26 marca 2009

na ciepło

Zmęczona jestem. Mocno. I psychicznie i fizycznie.
Wczoraj: klinika na poziomie, no może nie amerykańskiego filmu, ale miło odstaje od standardu kasy chorych. Mili lekarze, miłe pielęgniarki, czysto, sympatycznie. a wszystko to w murach szpitala Bonifratrów. Moja matka na zabiegu leczenia oka z zaćmy. tak, trochę to kosztowało, ale warto było. Stres niewielki, choć i tak wy6jończyło mnie to nerwowo. Matkę tez, więc po powrocie padła i zasnęła jak kamień. Ja nie mogłam spać, więc było gorzej. W dodatku, zakręcona byłam wczoraj wieczorem, więc posiałam gdzieś zegarek i jestem bez zegarkowa. Tęsknie do mojego zegarka, gdzieś ty gupi polazł?
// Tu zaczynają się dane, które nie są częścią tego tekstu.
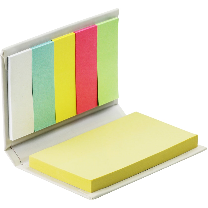 Mukava paketti, jossa muistio ja erivärisiä teippimerkkejä.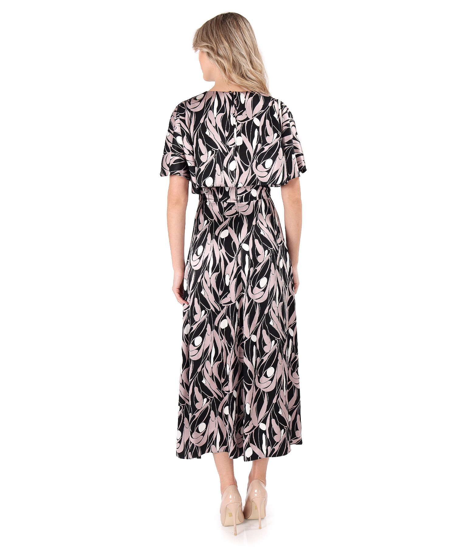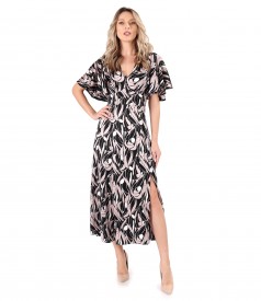 Elegant midi dress in digitally printed viscose satin with floral motifs, padded bust, front slit, deep V-neckline and wide sleeves. It closes with a hidden zipper in the middle of the back.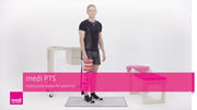 - Graças ao design de três partes e ao fecho de velcro, medi PTS® pode ser facilmente ajustado à circunferência da perna do utilizador. Isso é particularmente importante após o trauma ou na fase inicial após cirurgias, quando o joelho geralmente está inchado.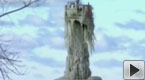 美國(guó)提前入冬 湖邊燈塔成冰雕

Rano skoro świt pojechałyśmy na kontrolę. Ma być dobrze. Powinno być dobrze.
Wykorzystałam resztę wolnego dnia na zakupy, wizytę w przychodni (ostatnio często tam goszczę). Polazłam do reala. Śmieszny moment: przejście przez dwupasmówkę, światła na przycisk. jakiś chłopak, popisując się przed dziewczyną, stukał i pukał w przycisk, jakby to miało przyspieszyć moment przejścia. W realu kupiłam co trzeba, głównie zapasy herbaty dla siebie. I tyle..teraz siedzę i słucham jednej mptrójki, co trwa 72 minuty. taka dostałam:) a co na niej jest? Koncert na skrzypcach Izaaka Perlmana.
Aha, jeszcze kilka niuwsów o dzieciaczku. Chudziaczek lepiej już je, żółtaczki nie ma. Idzie ku lepszemu, mam nadzieję.
Kwiatki wiosenne zakwitły stadami. I ptactwo leci kluczami..a na osiedle przyleciały szpaki i rejwach czynią.